* _INFORMATION PROVIDED_:
--------------------
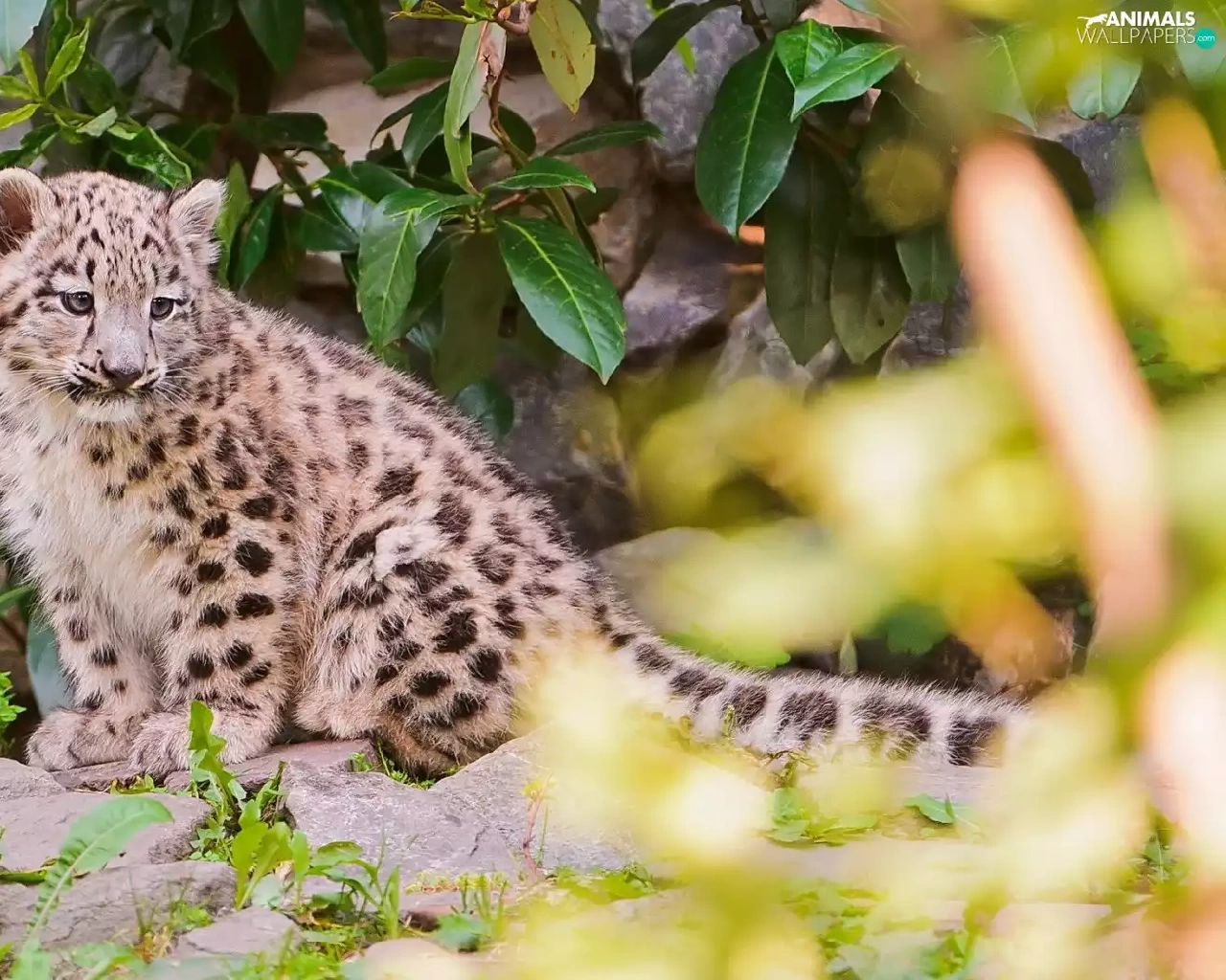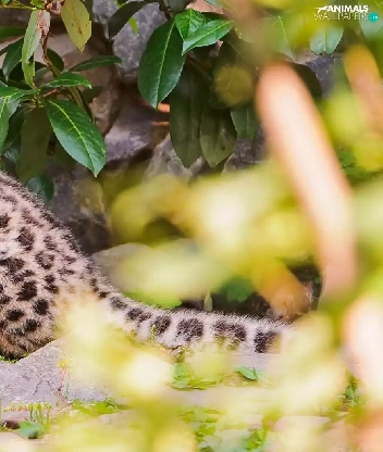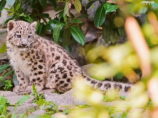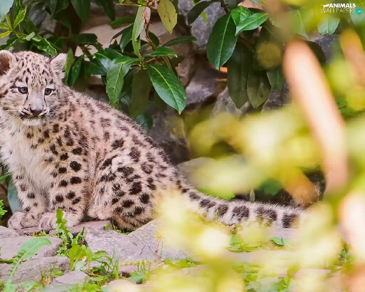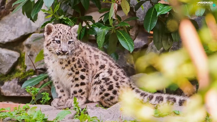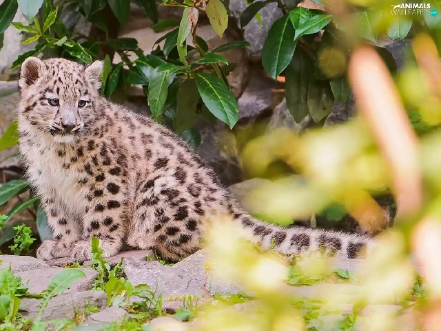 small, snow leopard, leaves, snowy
--------------------
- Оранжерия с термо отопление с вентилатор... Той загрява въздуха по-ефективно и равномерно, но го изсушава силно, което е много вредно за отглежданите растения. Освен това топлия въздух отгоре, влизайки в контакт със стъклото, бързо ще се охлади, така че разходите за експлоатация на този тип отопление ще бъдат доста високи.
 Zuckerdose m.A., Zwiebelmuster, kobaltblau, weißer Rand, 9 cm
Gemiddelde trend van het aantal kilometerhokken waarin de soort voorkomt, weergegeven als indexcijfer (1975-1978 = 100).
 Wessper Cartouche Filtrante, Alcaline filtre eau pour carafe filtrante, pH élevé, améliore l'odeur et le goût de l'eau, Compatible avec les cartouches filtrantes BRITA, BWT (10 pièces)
--------------------
* _THE TASK_:
Above are the records; repeat exactly the lines from the one holding "Zuckerdose m.A., Zwiebelmuster, kobaltblau, weißer" down to the one holding "Wessper Cartouche Filtrante, Alcaline", end lines included.

* _ANSWER SPACE_:
 Zuckerdose m.A., Zwiebelmuster, kobaltblau, weißer Rand, 9 cm
Gemiddelde trend van het aantal kilometerhokken waarin de soort voorkomt, weergegeven als indexcijfer (1975-1978 = 100).
 Wessper Cartouche Filtrante, Alcaline filtre eau pour carafe filtrante, pH élevé, améliore l'odeur et le goût de l'eau, Compatible avec les cartouches filtrantes BRITA, BWT (10 pièces)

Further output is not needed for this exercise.